--- Material supplied Enclosed Below ---

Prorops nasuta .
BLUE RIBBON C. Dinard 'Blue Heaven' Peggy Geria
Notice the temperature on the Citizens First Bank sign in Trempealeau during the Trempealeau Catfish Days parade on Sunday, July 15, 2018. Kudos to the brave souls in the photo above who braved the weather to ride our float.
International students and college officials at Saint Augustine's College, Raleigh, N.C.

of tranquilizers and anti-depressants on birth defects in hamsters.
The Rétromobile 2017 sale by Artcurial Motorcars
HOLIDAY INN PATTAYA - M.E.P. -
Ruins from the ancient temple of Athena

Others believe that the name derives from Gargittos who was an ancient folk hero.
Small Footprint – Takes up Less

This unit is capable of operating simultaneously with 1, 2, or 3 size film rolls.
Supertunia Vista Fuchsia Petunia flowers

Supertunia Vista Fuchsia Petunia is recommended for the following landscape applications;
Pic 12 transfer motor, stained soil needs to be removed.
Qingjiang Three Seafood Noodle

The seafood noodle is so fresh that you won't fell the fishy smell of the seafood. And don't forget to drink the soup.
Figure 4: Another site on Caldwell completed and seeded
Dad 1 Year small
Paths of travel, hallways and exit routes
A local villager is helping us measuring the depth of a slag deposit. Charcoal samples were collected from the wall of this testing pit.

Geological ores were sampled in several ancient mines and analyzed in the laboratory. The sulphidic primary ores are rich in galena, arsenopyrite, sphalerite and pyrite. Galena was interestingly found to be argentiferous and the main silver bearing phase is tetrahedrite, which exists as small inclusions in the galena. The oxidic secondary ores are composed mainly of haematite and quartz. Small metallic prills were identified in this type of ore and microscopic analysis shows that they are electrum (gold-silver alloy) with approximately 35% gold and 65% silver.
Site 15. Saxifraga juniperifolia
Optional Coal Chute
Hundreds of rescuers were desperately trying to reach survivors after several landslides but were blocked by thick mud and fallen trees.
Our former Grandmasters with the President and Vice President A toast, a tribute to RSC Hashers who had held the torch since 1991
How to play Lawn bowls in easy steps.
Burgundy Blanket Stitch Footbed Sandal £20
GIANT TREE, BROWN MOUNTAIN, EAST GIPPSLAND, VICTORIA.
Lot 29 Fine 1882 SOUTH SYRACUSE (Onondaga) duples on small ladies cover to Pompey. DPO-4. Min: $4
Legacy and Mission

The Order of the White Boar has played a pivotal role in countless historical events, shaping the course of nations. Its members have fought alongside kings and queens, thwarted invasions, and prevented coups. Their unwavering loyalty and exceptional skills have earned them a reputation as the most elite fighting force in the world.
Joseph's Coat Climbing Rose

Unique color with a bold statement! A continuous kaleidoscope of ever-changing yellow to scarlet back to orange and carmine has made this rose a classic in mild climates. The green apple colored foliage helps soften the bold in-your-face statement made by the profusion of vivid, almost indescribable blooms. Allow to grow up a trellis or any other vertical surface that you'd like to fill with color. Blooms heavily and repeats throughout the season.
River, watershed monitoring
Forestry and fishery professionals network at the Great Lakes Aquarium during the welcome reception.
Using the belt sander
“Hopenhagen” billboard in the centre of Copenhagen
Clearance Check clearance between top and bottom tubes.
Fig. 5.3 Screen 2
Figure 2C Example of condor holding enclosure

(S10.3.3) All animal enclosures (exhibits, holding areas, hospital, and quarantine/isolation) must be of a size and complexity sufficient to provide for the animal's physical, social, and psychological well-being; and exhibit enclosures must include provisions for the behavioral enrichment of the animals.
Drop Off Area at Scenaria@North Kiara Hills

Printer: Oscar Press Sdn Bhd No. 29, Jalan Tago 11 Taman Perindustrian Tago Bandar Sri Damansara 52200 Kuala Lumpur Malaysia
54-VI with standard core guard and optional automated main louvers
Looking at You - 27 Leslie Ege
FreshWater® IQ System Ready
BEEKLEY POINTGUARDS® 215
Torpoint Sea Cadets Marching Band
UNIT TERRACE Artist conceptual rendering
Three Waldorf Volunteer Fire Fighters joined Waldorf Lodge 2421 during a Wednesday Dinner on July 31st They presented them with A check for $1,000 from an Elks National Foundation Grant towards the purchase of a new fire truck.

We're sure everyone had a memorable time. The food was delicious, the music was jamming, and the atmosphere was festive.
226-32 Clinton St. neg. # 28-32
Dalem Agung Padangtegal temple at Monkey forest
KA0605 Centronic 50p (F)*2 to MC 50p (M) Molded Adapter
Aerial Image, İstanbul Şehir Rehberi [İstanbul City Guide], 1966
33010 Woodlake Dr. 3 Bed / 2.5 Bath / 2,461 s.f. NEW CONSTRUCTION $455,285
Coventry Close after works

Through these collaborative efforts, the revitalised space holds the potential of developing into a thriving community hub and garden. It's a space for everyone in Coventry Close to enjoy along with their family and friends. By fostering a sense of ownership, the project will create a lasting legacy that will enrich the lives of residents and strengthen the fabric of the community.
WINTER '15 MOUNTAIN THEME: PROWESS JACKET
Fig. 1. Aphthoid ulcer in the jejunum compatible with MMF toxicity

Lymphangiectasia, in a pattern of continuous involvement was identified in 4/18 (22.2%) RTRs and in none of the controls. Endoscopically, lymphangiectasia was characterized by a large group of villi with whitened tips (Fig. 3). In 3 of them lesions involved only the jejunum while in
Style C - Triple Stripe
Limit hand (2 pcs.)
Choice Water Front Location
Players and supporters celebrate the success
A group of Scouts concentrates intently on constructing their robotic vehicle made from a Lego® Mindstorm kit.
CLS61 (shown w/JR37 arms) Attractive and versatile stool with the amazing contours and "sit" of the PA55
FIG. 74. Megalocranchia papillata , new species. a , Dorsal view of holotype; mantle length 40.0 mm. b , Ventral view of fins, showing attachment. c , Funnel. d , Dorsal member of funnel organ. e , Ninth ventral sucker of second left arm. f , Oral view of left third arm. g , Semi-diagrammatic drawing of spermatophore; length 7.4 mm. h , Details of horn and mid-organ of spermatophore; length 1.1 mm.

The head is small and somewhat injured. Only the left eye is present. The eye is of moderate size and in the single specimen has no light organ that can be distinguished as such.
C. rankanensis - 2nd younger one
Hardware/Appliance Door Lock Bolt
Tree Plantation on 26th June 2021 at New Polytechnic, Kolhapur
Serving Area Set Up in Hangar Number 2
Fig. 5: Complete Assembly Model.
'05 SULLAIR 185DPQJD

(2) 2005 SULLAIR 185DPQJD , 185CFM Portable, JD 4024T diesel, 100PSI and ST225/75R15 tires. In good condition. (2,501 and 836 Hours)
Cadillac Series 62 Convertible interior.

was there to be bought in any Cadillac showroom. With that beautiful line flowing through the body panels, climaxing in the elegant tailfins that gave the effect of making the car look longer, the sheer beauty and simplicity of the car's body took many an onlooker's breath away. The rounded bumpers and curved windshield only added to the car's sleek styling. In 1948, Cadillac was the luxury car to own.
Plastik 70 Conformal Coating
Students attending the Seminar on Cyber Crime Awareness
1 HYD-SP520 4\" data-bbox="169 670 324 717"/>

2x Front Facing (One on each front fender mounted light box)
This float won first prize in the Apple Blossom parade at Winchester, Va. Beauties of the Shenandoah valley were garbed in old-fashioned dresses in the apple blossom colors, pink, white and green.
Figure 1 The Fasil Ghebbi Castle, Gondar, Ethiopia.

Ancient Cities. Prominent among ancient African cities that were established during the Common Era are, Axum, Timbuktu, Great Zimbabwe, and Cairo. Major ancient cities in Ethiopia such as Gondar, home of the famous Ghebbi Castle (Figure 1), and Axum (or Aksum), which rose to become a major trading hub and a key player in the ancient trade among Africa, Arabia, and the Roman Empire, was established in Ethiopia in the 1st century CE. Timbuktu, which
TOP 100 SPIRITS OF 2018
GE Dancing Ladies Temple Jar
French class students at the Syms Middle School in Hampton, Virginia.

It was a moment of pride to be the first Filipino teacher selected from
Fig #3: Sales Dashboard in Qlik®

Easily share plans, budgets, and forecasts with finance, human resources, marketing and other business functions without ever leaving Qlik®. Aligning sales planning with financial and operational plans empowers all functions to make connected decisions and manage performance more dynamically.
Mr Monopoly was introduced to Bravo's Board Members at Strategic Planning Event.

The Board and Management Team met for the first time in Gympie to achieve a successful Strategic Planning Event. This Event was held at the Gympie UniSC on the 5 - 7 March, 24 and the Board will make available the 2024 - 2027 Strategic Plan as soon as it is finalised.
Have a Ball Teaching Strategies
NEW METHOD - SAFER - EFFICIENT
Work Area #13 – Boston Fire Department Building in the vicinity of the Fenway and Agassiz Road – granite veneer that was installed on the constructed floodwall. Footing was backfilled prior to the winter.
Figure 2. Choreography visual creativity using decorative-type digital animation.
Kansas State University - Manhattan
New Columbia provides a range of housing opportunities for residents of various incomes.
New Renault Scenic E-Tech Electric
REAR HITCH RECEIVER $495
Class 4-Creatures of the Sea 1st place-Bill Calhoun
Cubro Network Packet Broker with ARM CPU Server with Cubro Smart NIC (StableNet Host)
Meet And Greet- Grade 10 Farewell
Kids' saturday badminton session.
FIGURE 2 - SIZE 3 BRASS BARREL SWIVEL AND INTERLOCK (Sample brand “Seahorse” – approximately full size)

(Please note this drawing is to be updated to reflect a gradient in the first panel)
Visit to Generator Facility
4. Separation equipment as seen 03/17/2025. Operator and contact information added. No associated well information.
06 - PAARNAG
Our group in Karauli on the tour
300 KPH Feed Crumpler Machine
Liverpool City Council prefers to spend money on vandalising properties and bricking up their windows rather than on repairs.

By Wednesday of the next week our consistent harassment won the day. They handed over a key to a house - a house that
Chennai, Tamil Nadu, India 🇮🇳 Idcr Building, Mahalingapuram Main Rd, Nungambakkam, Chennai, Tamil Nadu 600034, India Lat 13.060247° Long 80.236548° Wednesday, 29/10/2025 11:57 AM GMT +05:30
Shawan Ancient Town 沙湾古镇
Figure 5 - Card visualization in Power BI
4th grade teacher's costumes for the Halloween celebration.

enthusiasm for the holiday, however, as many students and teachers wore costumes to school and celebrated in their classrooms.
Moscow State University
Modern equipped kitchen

--- End of Enclosed Material supplied ---

**Aim of the exercise**
Repeat word for word the lines above that run from the line containing "The seafood noodle" through the line containing "Hundreds of rescuers", both ends included, and nothing else.

**Exercise response**
The seafood noodle is so fresh that you won't fell the fishy smell of the seafood. And don't forget to drink the soup.
Figure 4: Another site on Caldwell completed and seeded
Dad 1 Year small
Paths of travel, hallways and exit routes
A local villager is helping us measuring the depth of a slag deposit. Charcoal samples were collected from the wall of this testing pit.

Geological ores were sampled in several ancient mines and analyzed in the laboratory. The sulphidic primary ores are rich in galena, arsenopyrite, sphalerite and pyrite. Galena was interestingly found to be argentiferous and the main silver bearing phase is tetrahedrite, which exists as small inclusions in the galena. The oxidic secondary ores are composed mainly of haematite and quartz. Small metallic prills were identified in this type of ore and microscopic analysis shows that they are electrum (gold-silver alloy) with approximately 35% gold and 65% silver.
Site 15. Saxifraga juniperifolia
Optional Coal Chute
Hundreds of rescuers were desperately trying to reach survivors after several landslides but were blocked by thick mud and fallen trees.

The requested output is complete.